Hasil penelitian pakar Komodo Soeparmi ini saya tulis dalam skripsi saya (hal. 23 - hal. 24). Menurut Soeparmi, Komodo lebih primitif sedangkan jenis Varanus lebih progresif. Ini dia simpulkan dari hasi perbandingan antara ciri-ciri phyletica Komodo dengan Varanus Salvator. Pada kedua jenis ini terdapat 291 organum. Dari 291 organum, terdapat 271 unsur organum yang polanya berbeda dan ada 20 organum yang polanya sama. Dari 271 organum tersebut, terdapat 269 organum Komodo yang lebih primitif dibandingkan dengan Varanus Salvator dan ada 2 organum Komodo yang lebih progresif dibandingkan dengan Varanus Salvator.

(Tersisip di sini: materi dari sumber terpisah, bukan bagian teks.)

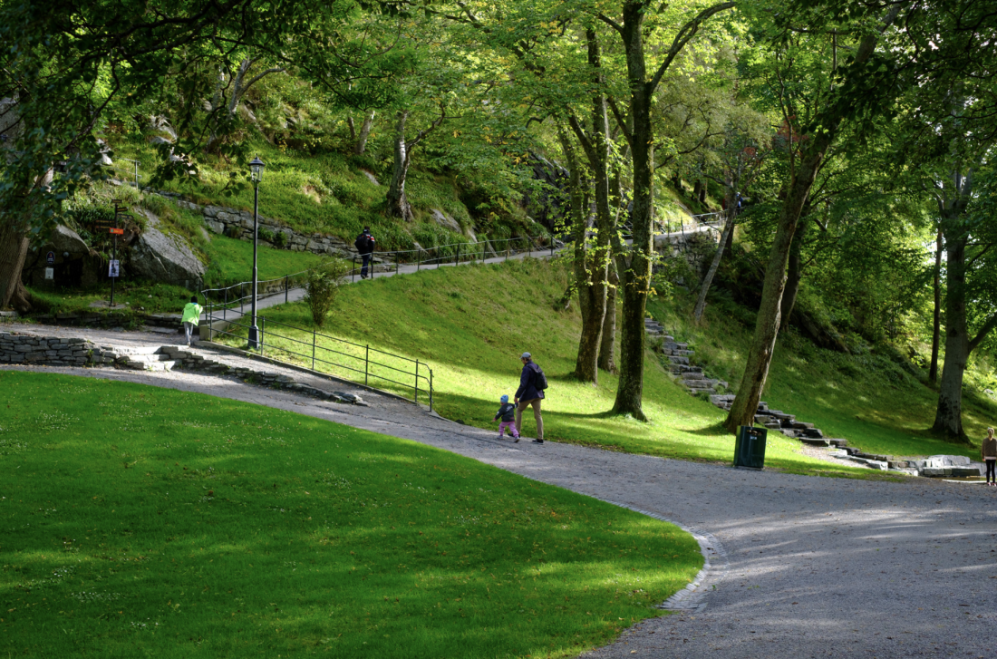 Marianne og Edvard anbefaler andre besøkende en vandring i bysentrum; her er det masse å se og oppleve. Fjellkafeen på Aksla er fin å gå til hvis formen er god nok. Det er også merket tursti rundt Aksla. Alt er i nærhet av bobilparkeringen.

Berdasarkan hasil penelitian dari aspek evolusi, paleontologi, paleogeologi, paleogeografi, paleoekologi dan paleoklimatologi, Soeparmi membuktikan bahwa Komodo itu bukan Varanus, tetapi Mosasaurus Komodoensis. (Surahya, 1989: 289).

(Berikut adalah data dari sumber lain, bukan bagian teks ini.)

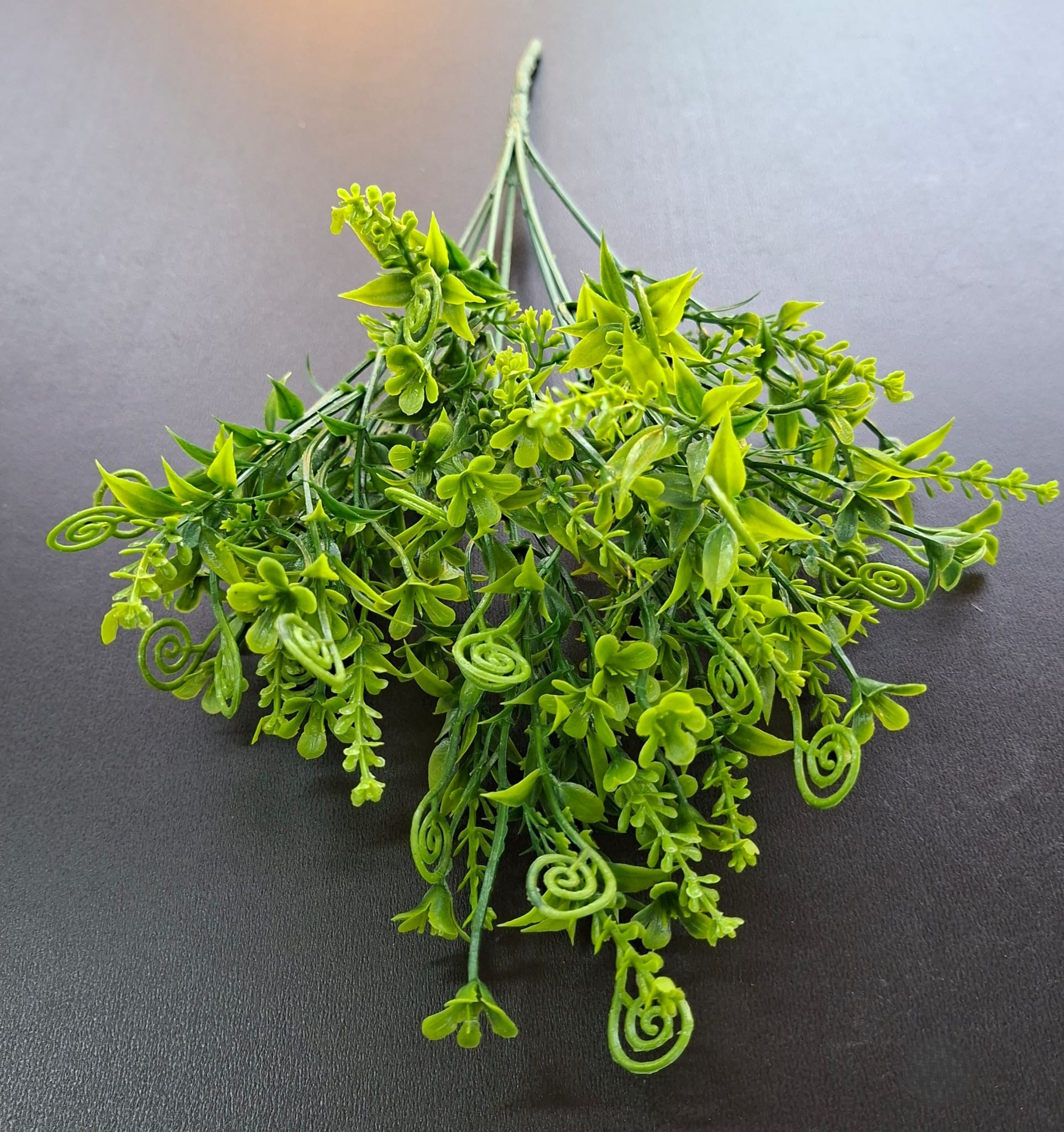 Ramură de verdeață artificială decorativă cu frunze mici și detalii spiralate, în nuanțe proaspete de verde deschis. Designul bogat și aerisit oferă volum și dinamism aranjamentelor florale, fiind ideală pentru vaze, ghivece, decor interior sau proiecte creative. Nu necesită întreținere și își păstrează aspectul în timp.

Kembali ke pertanyaan Prof. Dr. Koesnadi kepada saya di atas. Saya jawab pertanyaan itu begini: bahwa tanpa mengurangi sedikitpun penghargaan saya terhadap nilai ilmiah dari hasil penilitian Soeparmi, saya masih menggunakan nama ilmiah Varanus Komodensi, bukan Mosasaurus Komodoensis, karena tulisan ilmiah saya ini titik beratnya adalah aspek hukum perlindungan Komodo sesuai bidang studi hukum lingkungan. Di dalam hukum positif, baik hukum internasional maupun hukum nasional, yang berhubungan perlindungan Komodo ini, masih menggunakan nama Varanus Komodoensis.

Sementara belum ada kesepakatan dan belum ada satu peraturan pun yang menetapkan nama ilmiah Komodo itu adalah Mosasaurus Komodoensis berdasarkan hasil penelitian Soeparmi.

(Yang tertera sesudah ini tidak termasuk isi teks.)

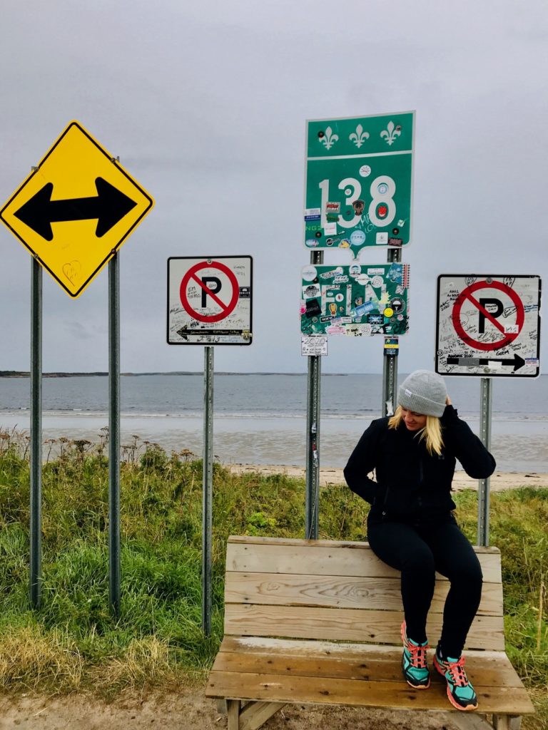 1 300 kilomètres et quelques poussières plus tard – depuis Montréal – j’ai atteint avec émotion le petit village de Kegaska se dressant au bord de l’eau, tout au bout de la mythique route 138. Là, sous la pluie et à travers le grand vent du large, il m’a semblé que la fatigue de ces nombreuses heures de route avaient soudainement été balayée par les bourrasques salées. Et qu’au moment où je demandais à un inconnu de me prendre en photo, assise devant ce fameux panneau FIN recouvert de graffitis et d’autocollants, il y avait quelque chose qui commençait juste pour moi.

Prof. Dr. Koesnadi menerima jawaban saya ini. Tetapi, jawaban tersebut bersifat normatif. Hal substansial yang masih jadi soal sampai hari ini adalah mengapa nama Mosasaurus Komodoensis berdasarkan hasil penilitian selama 12 tahun dari Soeparmi Surahya dan dari berbagai aspek keilmuan (bandingkan singkatnya penilitian Owens, dan mungkin sangat sederhana), tidak digunakan? Mengapa nama ilmiah Mosasaurus Komodoensis yang jauh lebih purba darpada Varanus Komodoensis seakan tenggelam, lenyap, dan tidak berarti apa-apa?
Mestinya Pemerintah Indonesia menetapkan secara resmi nama Mosasaurus Komodoensis sebagai nama ilmiah Komodo ini, bukan Varanus alias jenis biawak, binatang di zaman now. Andaikan saja, masih ragu dengan hasil penilitian Soeparmi Surahya, Pemerintah Indonesia mestinya mengajak pakar di bidang ini untuk melakukan penelitian pembanding/menguji hasil penilitian Soeparmi Surahya ini dan Owens. Hasil penelitian itulah yang menentukan nama ilmiah mana yang tepat untuk Komodo. Begitu!